Re downloading 8.1 I absolutely will take your advice and find a place where I can get some much faster download speeds to make that change. 

With Warm Appreciation, 
tecfobian


----------



## Macboatmaster (Jan 15, 2010)

Pleased it worked as I said ensure it does not get installed again
using the procedure I outlined


When you are ready to try with 8.1 please come back and we will be pleased to assist


----------



## tecfobian (Sep 19, 2014)

"ensure it does not get installed again using the procedure I outlined"

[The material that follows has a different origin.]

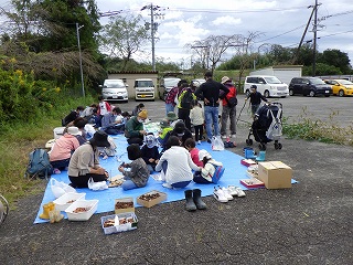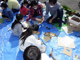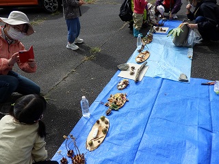 昨年と同じく前日に雨が降ったこともあり、足元が滑りやすい状態でしたが、最初の自然物探しも楽しく行うことができました。
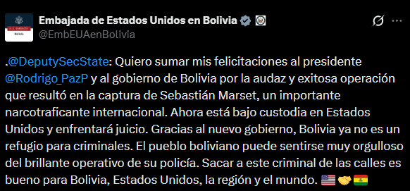 La Paz, 16 de mar 2026 (ATB Digital).- La Embajada de Estados Unidos en Bolivia publicó un mensaje en redes sociales en el que felicita al presidente Rodrigo Paz Pereira por la captura del narcotraficante uruguayo Sebastián Marset.

I take it you refer establishing a restore point and I will do this forthwith, Thank you sir.


----------



## Macboatmaster (Jan 15, 2010)

NO that was just a way of going back if problems were encountered after the uninstall of the update

Please see my original post 8 - you will then on reboot be offered it again or if automatic download and install it will be back next time it updates

Please follow the procedure outlined there
and the reference here to the link explaining it
http://answers.microsoft.com/en-us/...oblem-in/3c0fa85a-b84c-45a7-bc9d-62b30ef0224b

Thought I would try and make it a little easier for you to follow
Go Control Panel Windows updates on left pane click change settings
now see my screenshot
On the window that opens on the drop arrow - look what the setting is NOW
If it is automatic install then that update is coming back next time
therefore select download and I will choose whether to install them

then when the next batch come in follow the procedure outlined to select that update and then right click it and click Hide update
http://www.sevenforums.com/tutorials/24376-windows-update-hide-restore-hidden-updates.html


----------



## tecfobian (Sep 19, 2014)

Aha! Gottit and will do. I particularly appreciate the extra effort to spell it out simply Mcbtmstr. Mucho appreciato!


----------



## Macboatmaster (Jan 15, 2010)

you are welcome


----------